Я вскоре и думать перестал об охоте, а за мной и собаки – бежали себе впереди, отлично понимая невозможность гона по такому полю, если бы даже и было что гнать, и несколько оживляясь лишь тогда, когда мы попадали в какой-нибудь голый перелесок, где крепко и сыро пахло прелым листом, или проходили по рыжим дубовым кустарникам, по какому-нибудь логу, бугру. Но ничего не было и тут: всюду пустота, молчание, жидкий, безжизненный, хотя и теплый, ясный блеск, в котором по-осеннему низко, плоско и четко лежали светлые окрестности, – все эти клетчатые от жнивий, зеленей и пашен перевалы полей, рыжие шкуры кустарников, сизо-сереющие кое-где вдали березовые и осиновые острова…
И от Лобанова я повернул наконец назад. Проехал Шипово, потом въехал в ту самую Кроптовку, где было родовое имение Лермонтовых. Тут я отдохнул у знакомого мужика, посидел с ним на крылечке, выпил квасу. Перед нами был выгон, за выгоном – давно необитаемая мелкопоместная усадьба, которую красил немного только сад, неподвижно поднимавший в бледно-голубом небосклоне, за небольшим старым домом, свои черные верхушки. Я сидел и, как всегда, когда попадал в Кроптовку, смотрел и думал: да ужели это правда, что вот в этом самом доме бывал в детстве Лермонтов, что почти всю жизнь прожил тут его родной отец? – Говорят, продают, – сказал мужик, тоже глядя на усадьбу и щурясь. – Говорят, ефремовский Каменев торгует…
И, взглянув на меня, еще более сощурился: – А вы как? Не продаете еще? – Это дело отца, – ответил я уклончиво. – Конечно, конечно, – сказал мужик, думая что-то свое. – Я это только к тому, что все, мол, теперь продают, плохое пришло господам житье. Народ избаловался, – и свое-то и то как попало работают, а не то, что господское, – а цена на руки в горячее время – приступу нет, а загодя, под заработки, барину не из чего дать – нужда, бедность …
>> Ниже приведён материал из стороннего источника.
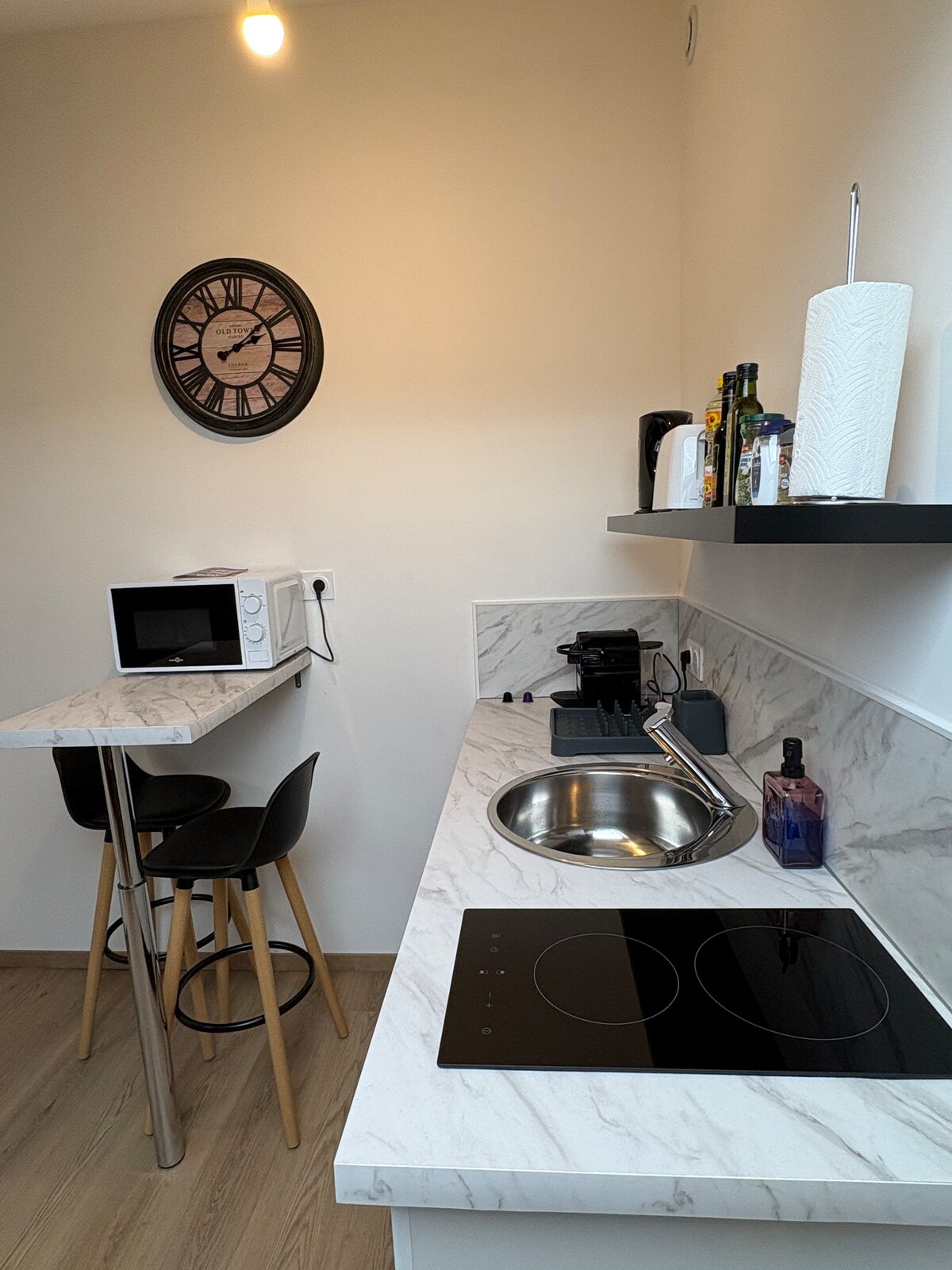 Ideal para estancias de relax o de trabajo, este luminoso y totalmente equipado apartamento dispone de una acogedora sala de estar con sofá cama, TV conectada y zona de trabajo equipada (escritorio, silla ergonómica, conexión de fibra de alta velocidad). La sala de estar está abierta a la cocina totalmente equipada. Por la noche, una habitación doble con colchón tamaño Queen. Baño con bañera. Situado en una zona tranquila y segura, a pocos minutos a pie del centro de la ciudad, la estación de tren y las tiendas y restaurantes.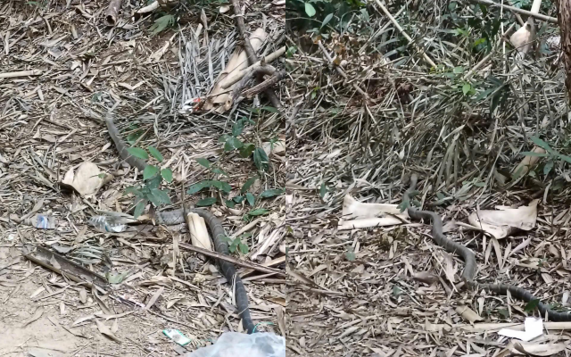 Hình ảnh con rắn hổ mang chúa bò vào nhà rẫy của người dân

Дальше я поехал, делая большой крюк, решив для развлечения проехать через Васильевское, переночевать у Писаревых. И, едучи, как-то особенно крепко задумался вообще о великой бедности наших мест. Все было бедно, убого и глухо кругом. Я ехал большой дорогой – и дивился ее заброшенности, пустынности. Ехал проселками, проезжал деревушки, усадьбы: хоть шаром покати не только в полях, на грязных дорогах, но и на таких же грязных деревенских улицах и на пустых усадебных дворах. Даже непонятно: да где же люди и чем убивают они свою осеннюю скуку, безделье, сидя по этим избам и усадьбам? А потом я опять вспомнил бессмысленность и своей собственной жизни среди всего этого и просто ужаснулся на нее, вдруг вспомнив вместе с тем Лермонтова. Да, вот Кроптовка, этот забытый дом, на который я никогда не могу смотреть без каких-то бесконечно-грустных и неизъяснимых чувств…
Вот бедная колыбель его, наша общая с ним, вот его начальные дни, когда так же смутно, как и у меня некогда, томилась его младенческая душа, «желанием чудным полна», и первые стихи, столь же, как и мои, беспомощные… А потом что? А потом вдруг «Демон», «Мцыри», «Тамань», «Парус», «Дубовый листок оторвался от ветки родимой…»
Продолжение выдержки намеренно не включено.